То же бывает и в жизни людей. Годами в душе что-то зреет, но почему оно в какой-то определенный момент выступает наружу — мы сначала не можем понять. Так и я не могу сказать, почему именно в этом, 1911 году, прослушав в Карлсруэ цикл "От Иисуса ко Христу", я внезапно и безошибочно поняла, что должна связать свою жизнь с духовной работой Рудольфа Штейнера. Личные желания — как то желание жить в России с близкими по духу людьми — должны были отступить.
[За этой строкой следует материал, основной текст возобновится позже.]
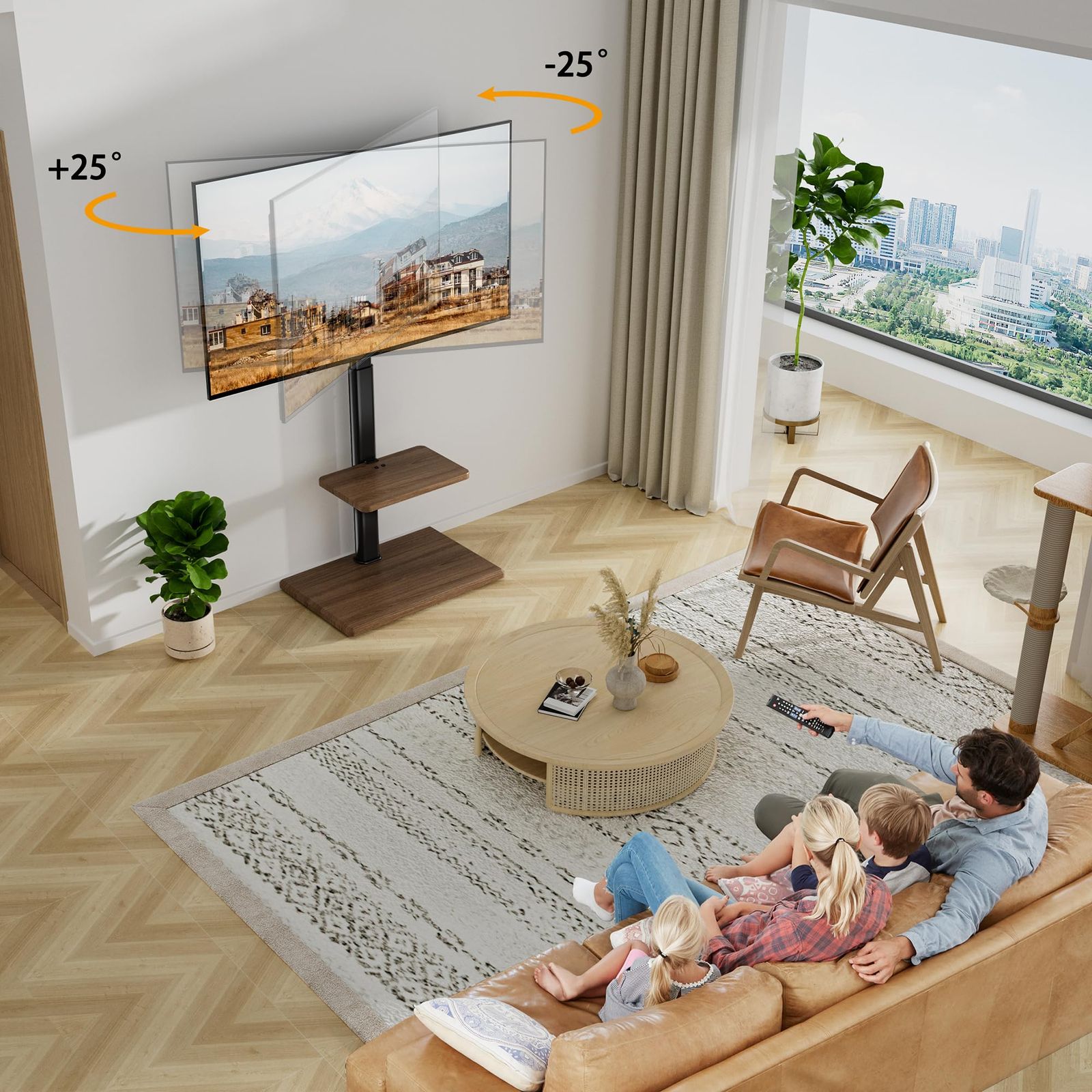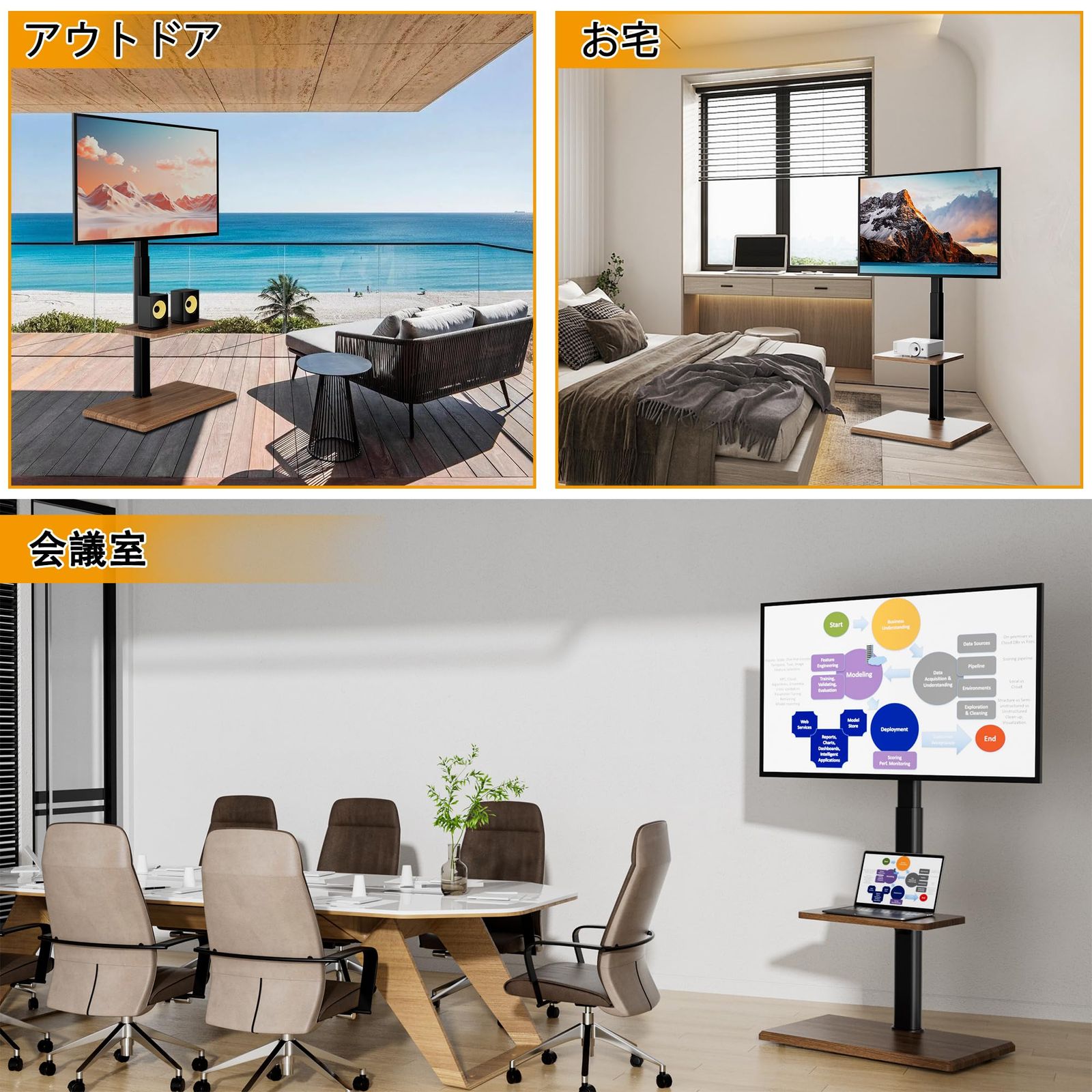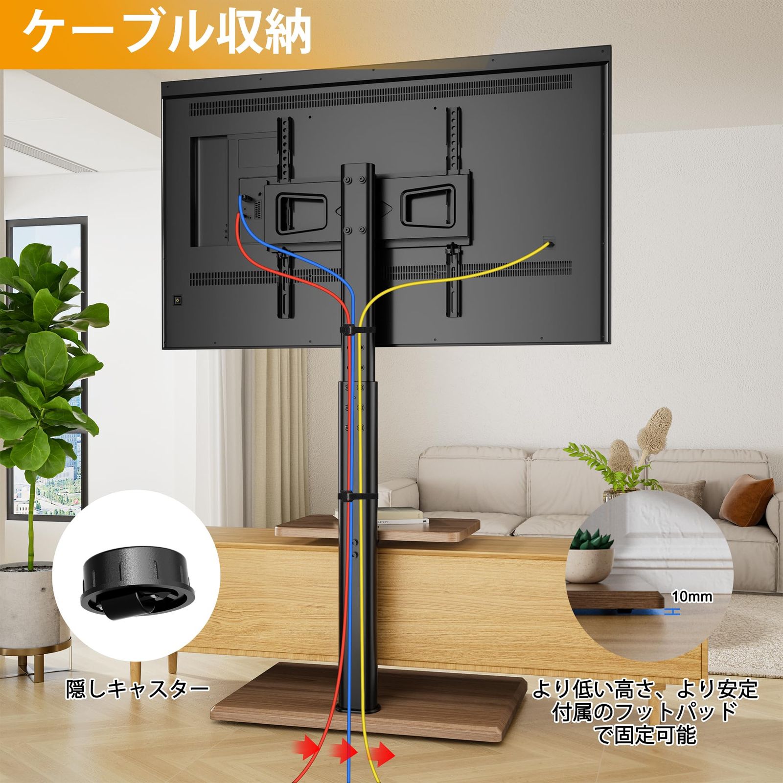 【高さ調節可能】取り付け部中心から床まで、高さがそれぞれ104cm、109cm、114cm、119cm、124cm、129cmに調整できます。異なる身長のユーザーがテレビの高さに対する要求を完璧的に満たし、便利で快適な視覚的な楽しみを実現します。
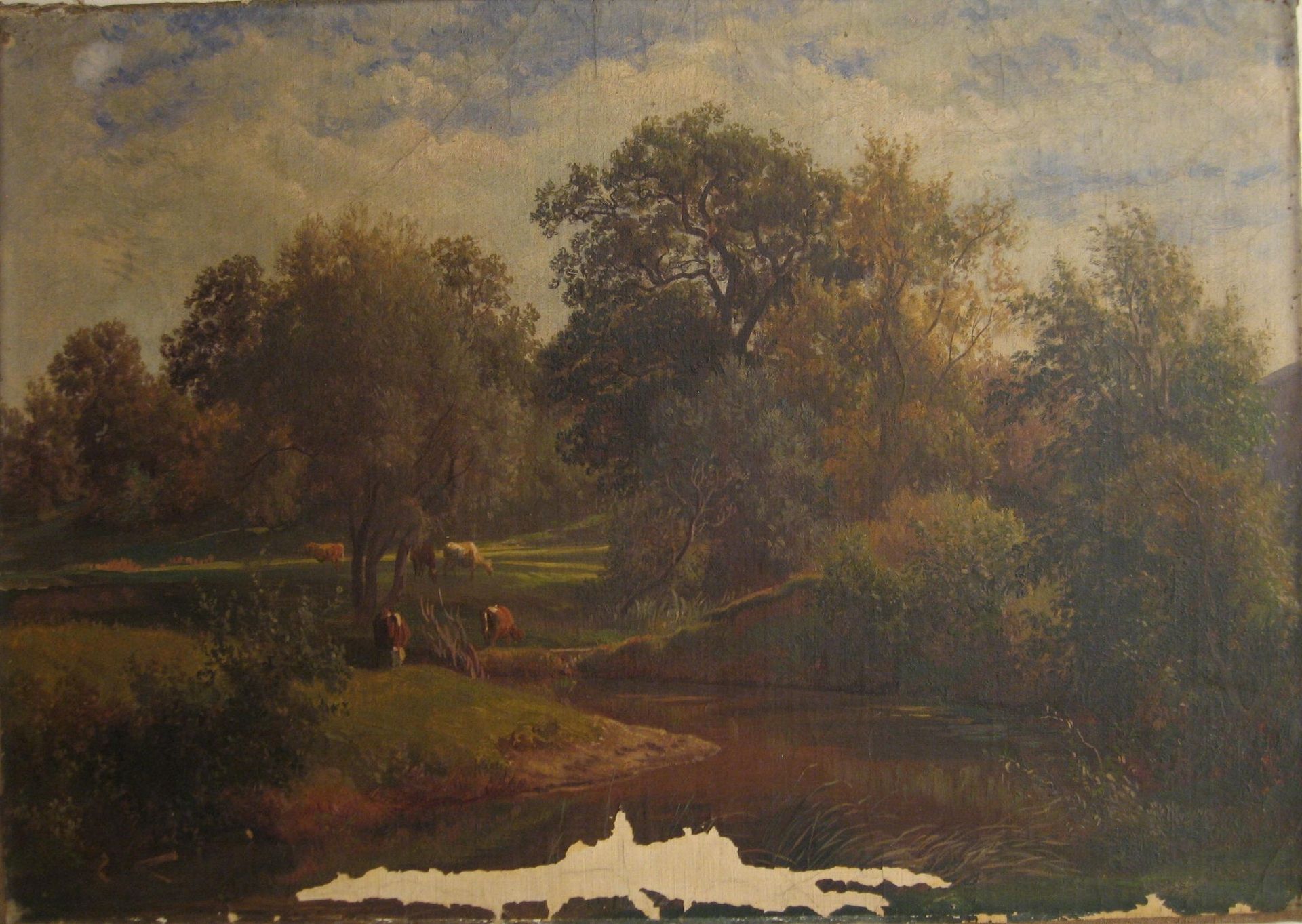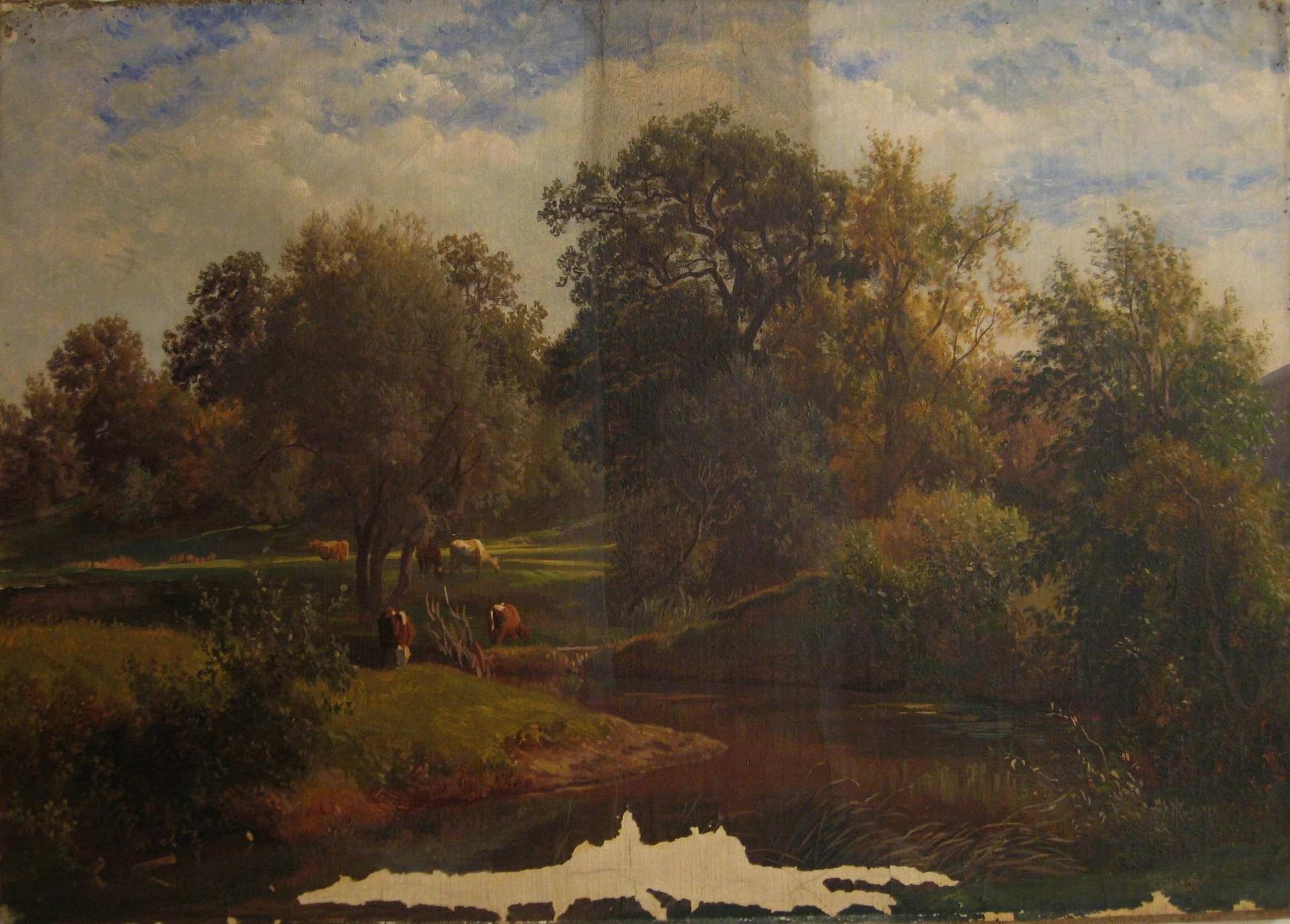 Süddeutscher Maler, vor 1900 "Landschaft mit weidenden Kühen". Öl auf Leinwand. Zustand vor der Restaurierung (Bildoberfläche verschmutzt, Firnis stark vergilbt, im unteren Bereich starke Malschichtverluste).

Своим местом жительства я выбрала Мюнхен, город художников. Желая усилить художественный элемент в антропософском обществе, Штейнер ежегодно во время летнего съезда устраивал здесь представления "Мистерий". Осуществлялись эти представления благодаря тому полному пониманию, преданности делу и энергии, с которыми Софи Штинде и ее подруга графиня Паулина Калькрейт шли навстречу его начинаниям.

Софи Штинде вела антропософскую работу с величайшей серьезностью. Идея построить здание, могущее дать представлениям "Мистерий" достойное обрамление, возникла сначала тоже здесь. И Рудольф Штейнер часто бывал в Мюнхене для лекций и собраний.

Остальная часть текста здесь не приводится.